◆ TASK
Write out each line below precisely, passing over the pictures.

◆ PROVIDED MATERIAL
======

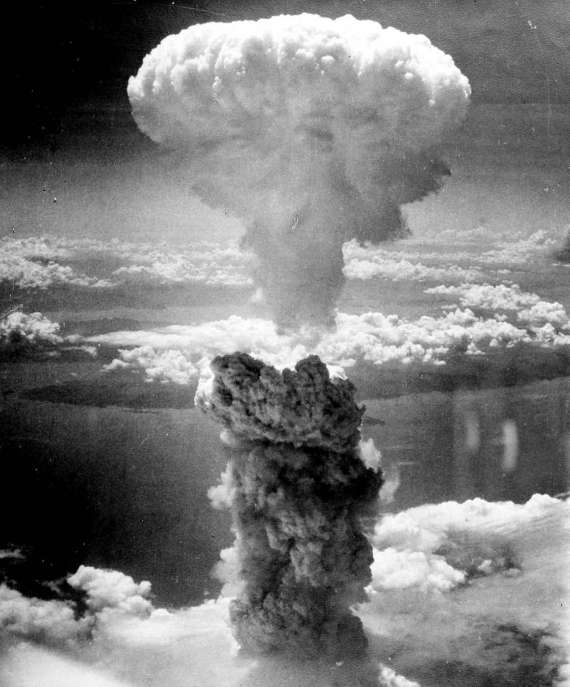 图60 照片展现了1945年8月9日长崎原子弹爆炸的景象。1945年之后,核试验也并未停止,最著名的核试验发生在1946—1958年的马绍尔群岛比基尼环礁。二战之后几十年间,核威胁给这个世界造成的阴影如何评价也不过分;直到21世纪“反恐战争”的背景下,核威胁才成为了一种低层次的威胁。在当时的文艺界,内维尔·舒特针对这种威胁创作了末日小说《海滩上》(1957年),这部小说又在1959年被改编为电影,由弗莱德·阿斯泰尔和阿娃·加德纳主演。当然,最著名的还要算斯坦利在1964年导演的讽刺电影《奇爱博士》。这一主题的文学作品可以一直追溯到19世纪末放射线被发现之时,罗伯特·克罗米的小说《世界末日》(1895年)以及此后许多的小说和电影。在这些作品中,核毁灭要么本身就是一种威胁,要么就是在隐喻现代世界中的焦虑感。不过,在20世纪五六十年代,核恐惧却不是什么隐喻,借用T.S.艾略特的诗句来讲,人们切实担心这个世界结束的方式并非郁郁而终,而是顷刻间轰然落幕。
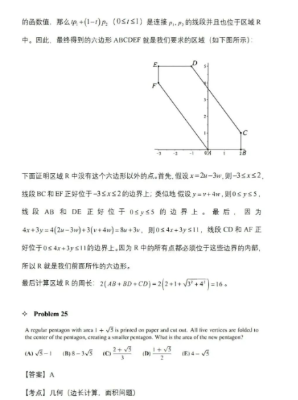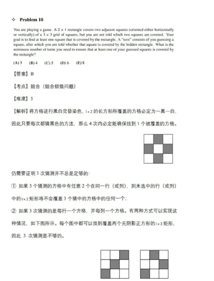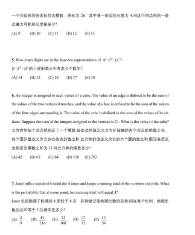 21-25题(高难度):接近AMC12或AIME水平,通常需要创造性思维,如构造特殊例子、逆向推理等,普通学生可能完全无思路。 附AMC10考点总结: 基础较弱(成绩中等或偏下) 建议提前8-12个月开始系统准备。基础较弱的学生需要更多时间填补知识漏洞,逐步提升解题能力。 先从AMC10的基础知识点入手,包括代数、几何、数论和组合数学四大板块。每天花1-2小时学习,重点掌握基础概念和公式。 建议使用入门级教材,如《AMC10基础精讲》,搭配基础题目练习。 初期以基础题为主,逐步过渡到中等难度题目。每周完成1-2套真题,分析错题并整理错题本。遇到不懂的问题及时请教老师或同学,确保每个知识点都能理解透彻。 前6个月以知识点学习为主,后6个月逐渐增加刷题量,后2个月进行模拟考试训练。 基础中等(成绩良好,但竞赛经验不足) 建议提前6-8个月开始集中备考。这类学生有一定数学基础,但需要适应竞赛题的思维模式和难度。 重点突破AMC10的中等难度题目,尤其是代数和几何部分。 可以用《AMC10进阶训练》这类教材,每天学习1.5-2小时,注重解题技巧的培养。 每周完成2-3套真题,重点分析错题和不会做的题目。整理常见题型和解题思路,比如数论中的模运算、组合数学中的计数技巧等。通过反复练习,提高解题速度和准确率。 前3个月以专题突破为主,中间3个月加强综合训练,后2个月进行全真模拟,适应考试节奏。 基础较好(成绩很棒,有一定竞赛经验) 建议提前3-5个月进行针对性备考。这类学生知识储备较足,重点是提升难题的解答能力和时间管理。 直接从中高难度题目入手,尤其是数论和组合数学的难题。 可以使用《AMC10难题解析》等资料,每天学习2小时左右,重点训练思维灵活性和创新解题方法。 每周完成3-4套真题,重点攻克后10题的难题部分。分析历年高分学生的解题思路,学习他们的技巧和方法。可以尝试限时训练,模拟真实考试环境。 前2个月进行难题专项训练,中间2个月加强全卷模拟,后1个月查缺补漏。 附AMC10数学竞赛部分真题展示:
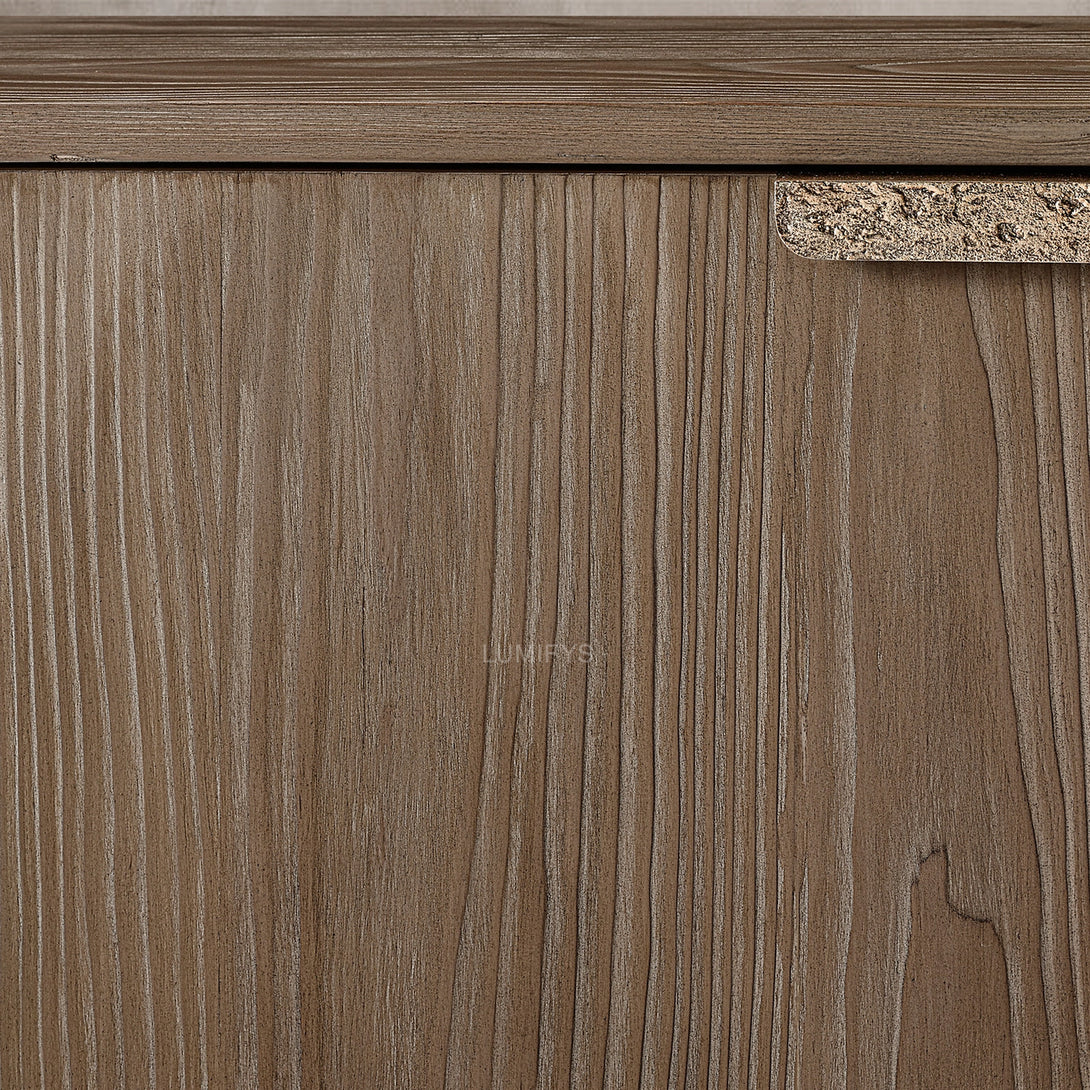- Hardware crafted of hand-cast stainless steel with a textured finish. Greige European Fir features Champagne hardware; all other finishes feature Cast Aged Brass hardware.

======

◆ ANSWER TO THIS PROBLEM
 图60 照片展现了1945年8月9日长崎原子弹爆炸的景象。1945年之后,核试验也并未停止,最著名的核试验发生在1946—1958年的马绍尔群岛比基尼环礁。二战之后几十年间,核威胁给这个世界造成的阴影如何评价也不过分;直到21世纪“反恐战争”的背景下,核威胁才成为了一种低层次的威胁。在当时的文艺界,内维尔·舒特针对这种威胁创作了末日小说《海滩上》(1957年),这部小说又在1959年被改编为电影,由弗莱德·阿斯泰尔和阿娃·加德纳主演。当然,最著名的还要算斯坦利在1964年导演的讽刺电影《奇爱博士》。这一主题的文学作品可以一直追溯到19世纪末放射线被发现之时,罗伯特·克罗米的小说《世界末日》(1895年)以及此后许多的小说和电影。在这些作品中,核毁灭要么本身就是一种威胁,要么就是在隐喻现代世界中的焦虑感。不过,在20世纪五六十年代,核恐惧却不是什么隐喻,借用T.S.艾略特的诗句来讲,人们切实担心这个世界结束的方式并非郁郁而终,而是顷刻间轰然落幕。
 21-25题(高难度):接近AMC12或AIME水平,通常需要创造性思维,如构造特殊例子、逆向推理等,普通学生可能完全无思路。 附AMC10考点总结: 基础较弱(成绩中等或偏下) 建议提前8-12个月开始系统准备。基础较弱的学生需要更多时间填补知识漏洞,逐步提升解题能力。 先从AMC10的基础知识点入手,包括代数、几何、数论和组合数学四大板块。每天花1-2小时学习,重点掌握基础概念和公式。 建议使用入门级教材,如《AMC10基础精讲》,搭配基础题目练习。 初期以基础题为主,逐步过渡到中等难度题目。每周完成1-2套真题,分析错题并整理错题本。遇到不懂的问题及时请教老师或同学,确保每个知识点都能理解透彻。 前6个月以知识点学习为主,后6个月逐渐增加刷题量,后2个月进行模拟考试训练。 基础中等(成绩良好,但竞赛经验不足) 建议提前6-8个月开始集中备考。这类学生有一定数学基础,但需要适应竞赛题的思维模式和难度。 重点突破AMC10的中等难度题目,尤其是代数和几何部分。 可以用《AMC10进阶训练》这类教材,每天学习1.5-2小时,注重解题技巧的培养。 每周完成2-3套真题,重点分析错题和不会做的题目。整理常见题型和解题思路,比如数论中的模运算、组合数学中的计数技巧等。通过反复练习,提高解题速度和准确率。 前3个月以专题突破为主,中间3个月加强综合训练,后2个月进行全真模拟,适应考试节奏。 基础较好(成绩很棒,有一定竞赛经验) 建议提前3-5个月进行针对性备考。这类学生知识储备较足,重点是提升难题的解答能力和时间管理。 直接从中高难度题目入手,尤其是数论和组合数学的难题。 可以使用《AMC10难题解析》等资料,每天学习2小时左右,重点训练思维灵活性和创新解题方法。 每周完成3-4套真题,重点攻克后10题的难题部分。分析历年高分学生的解题思路,学习他们的技巧和方法。可以尝试限时训练,模拟真实考试环境。 前2个月进行难题专项训练,中间2个月加强全卷模拟,后1个月查缺补漏。 附AMC10数学竞赛部分真题展示:
- Hardware crafted of hand-cast stainless steel with a textured finish. Greige European Fir features Champagne hardware; all other finishes feature Cast Aged Brass hardware.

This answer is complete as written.